PDRN prevents SIRT1 degradation by attenuating autophagy during skin aging

衰老 自噬 细胞生物学 化学 皮肤老化 癌变 活力测定 氧化应激 细胞质 细胞 生物化学 生物 细胞凋亡 医学 皮肤病科 基因
作者
Jingjing Chen,Fanshan Qiu,Jianfeng Shi,Weimin Huang,Chenyu Zhao,Qianqian Han
出处
期刊:PLOS ONE [Public Library of Science]
卷期号:20 (5): e0321005-e0321005
标识
DOI:10.1371/journal.pone.0321005
摘要

Polydeoxyribonucleotide (PDRN) is a low molecular weight linear polyribonucleotide fragment derived from salmon sperm, known for its potential in tissue regeneration and anti-inflammatory applications. However, its specific function in cellular senescence is yet to be fully understood.

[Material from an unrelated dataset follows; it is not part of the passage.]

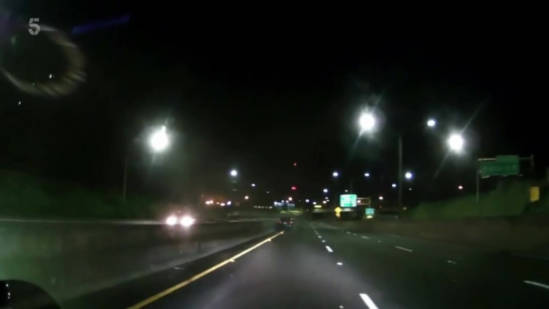 a road to the van and car veering wildly across a busy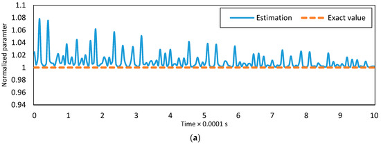 The adaptive projection law is updating estimates of the unknown dimensionless parameters. The estimates belong to the known closed sets at all times. If the desired signal has enough dissimilar frequencies, the estimates will converge to exact values [54]. The necessary number of frequencies can be found by analyzing the complexity of the system. In the case of this paper, the desired signal should have seven or more dissimilar frequencies such that the estimates of parameters converge to exact values. This is a result of studying the results of various simulations. It should also be mentioned that the measure of unmodeled forces would affect the convergence rate. The estimations of , and are plotted for the C-F boundary conditions in Figure 6 to show how the adaptive projection law operates.

Silent information regulator 1 (SIRT1), an NAD + -dependent deacetylase, plays a crucial role in regulating cellular aging and tumorigenesis. Notably, SIRT1 levels decrease with age in both mice and during cellular senescence, highlighting its significance in anti-aging processes. This study assessed the effects of PDRN on cellular aging induced by ultraviolet B (UVB) or hydrogen peroxide (H 2 O 2 ) and investigated the mechanisms of its protective effects against aging at the cellular level. Our data demonstrated that PDRN treatment mitigated the decline in cell viability and inhibited cell aging when exposed to UVB or H 2 O 2 . Furthermore, PDRN ameliorated UVB-induced epidermal thickening in mouse skin. Mechanically, we found that PDRN treatment led to a reduction in nuclear autophagy and the formation of cytoplasmic stress granules by preventing the accumulation of damaged LC3 in the nuclear and inhibiting the degradation of SIRT1 and p62 in the cytoplasm during cellular senescence. In conclusion, PDRN exhibits antioxidant and anti-aging properties by diminishing autophagy and enhancing SIRT1 expression. These results suggest that PDRN has potential as a therapeutic compound for reducing skin aging induced by UVB or H 2 O 2 through the modulation of SIRT1 levels.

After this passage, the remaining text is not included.